Advancing visual computing to change the way we experience reality
With rapid advancements of computers, cameras, and mobile devices, we are nearing a future where virtual reality is no longer virtual. Although we are still capturing 2-dimensional images with our cell phones and have recently just experienced the growth spurt of social media, we are on the cusp of a revolution in visual computing, quickly venturing into another phase of the digital age where the ways in which we capture, display, and share images will entirely change to accommodate more realistic experiences. To facilitate these breakthroughs, the Center for Visual Computing at the University of California, San Diego (UC San Diego) brings together experts in computer graphics, computer vision, computational imaging and augmented reality to make significant, long-term contributions to visual computing and imaging technologies.
Directed by Professor Ravi Ramamoorthi, the UC San Diego Center for Visual Computing is motivated by three key trends: the increasing push towards mobile computing, the ability to create photorealistic images, and computer vision and scene understanding.
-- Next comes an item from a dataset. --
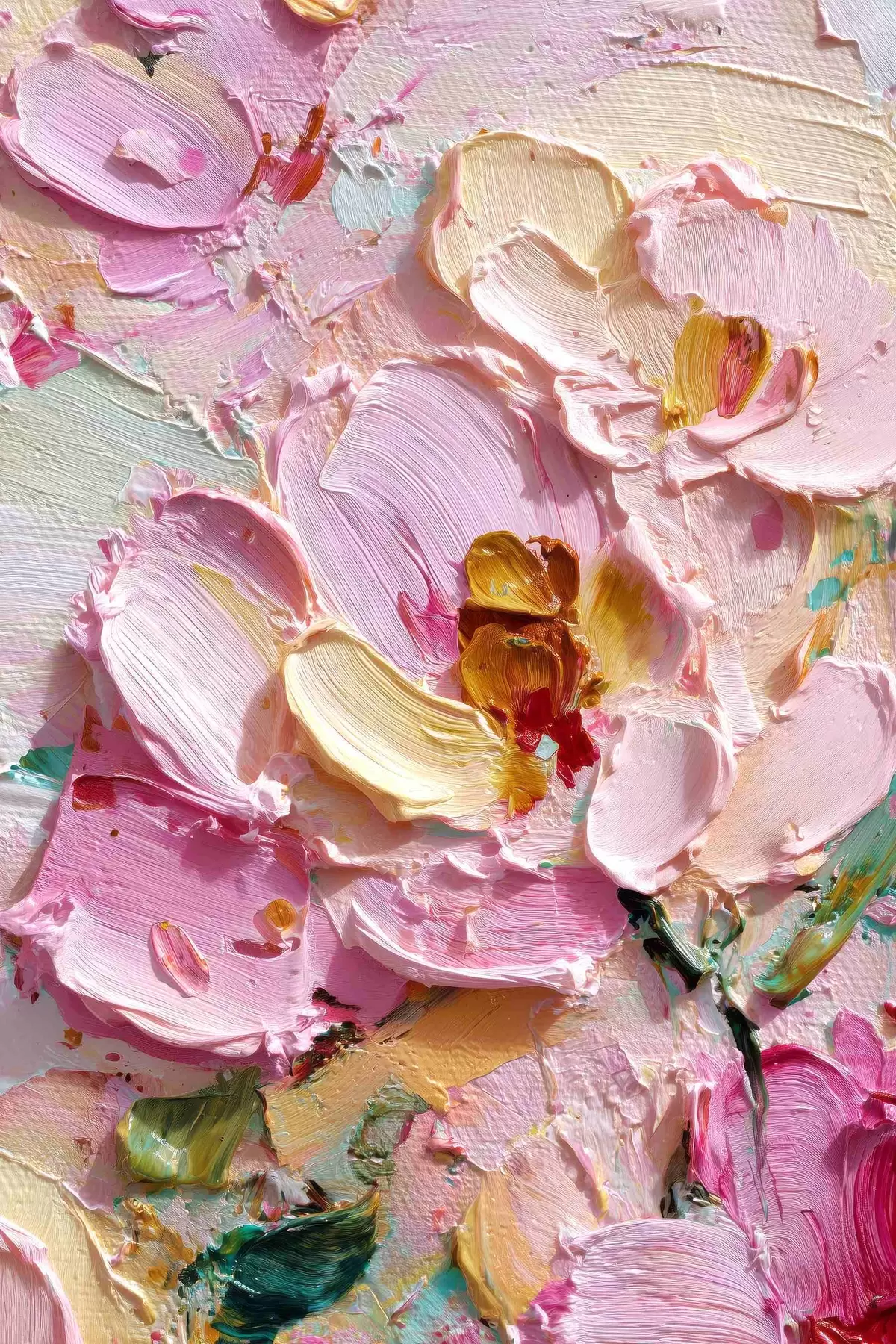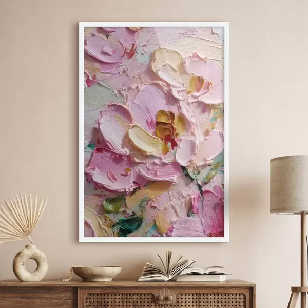 Poster Magnolie rosa: pittura materica con pennellate dimensionali f45249
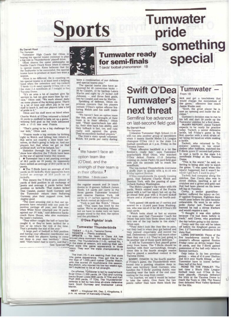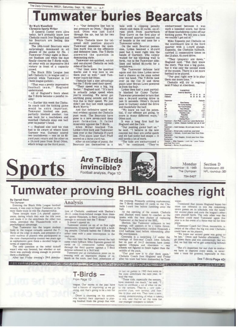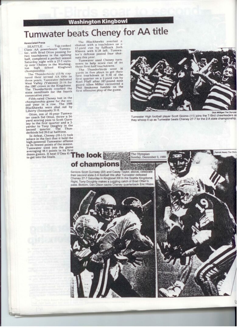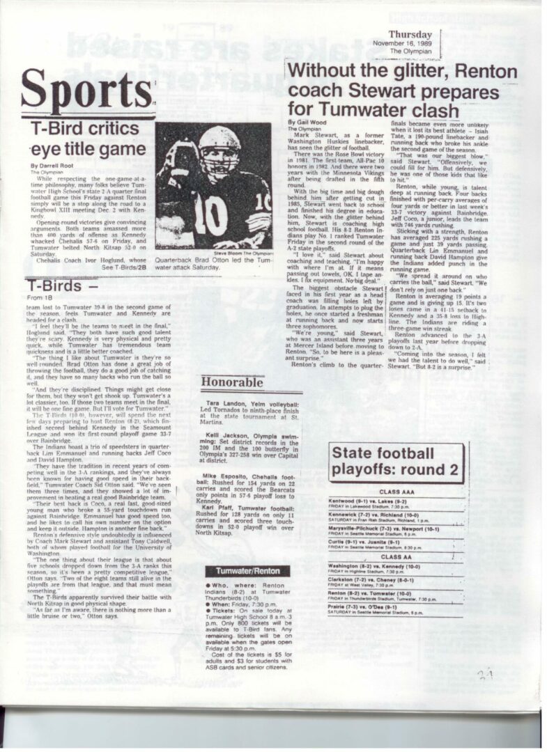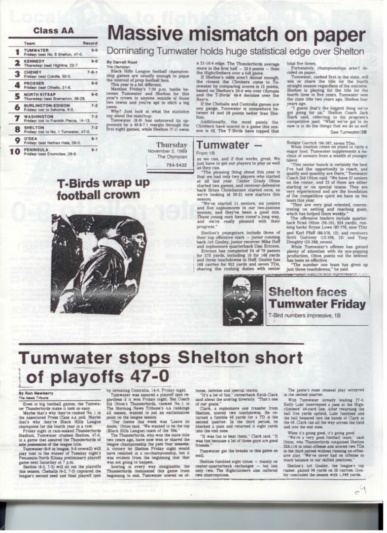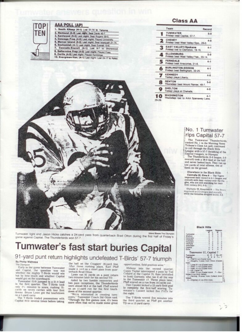 We wrote this to chronicle the amazing journey Coach Otton went on from his early days winning his first State Title in Colfax to starting his career in Tumwater with a 7-20 record and wondering if their would be a 4th season. Now days, highly unlikely. This was one of the reasons we wanted to write this as it took Coach Otton 13 years to win his 1st title as a T-Bird. But the program and culture he created is undeniable and could only have done it with adminsitrative support that refused to give-in to agrieved parents calling for his firing in the early days.

The visual computing technologies being developed at the Center can transform the definition of capturing an image, shifting photography from 2D to 3D, allow people to have completely realistic virtual experiences in real-time, and wire machines to understand and perceive the natural world to assist humans. At UC San Diego, researchers have contributed very realistic imagery to the creation of movies like Avatar and The Lord of the Rings or games such as Halo, and were recognized for their techniques with the Technical Academy Award. Now, in collaboration with the Cognitive Science department, the Qualcomm Institute San Diego Division of Calit2 and the Scripps Institute of Oceanography, there is immense potential at the Center to further bring these technologies into the real-time domain and combine them with augmented reality applications.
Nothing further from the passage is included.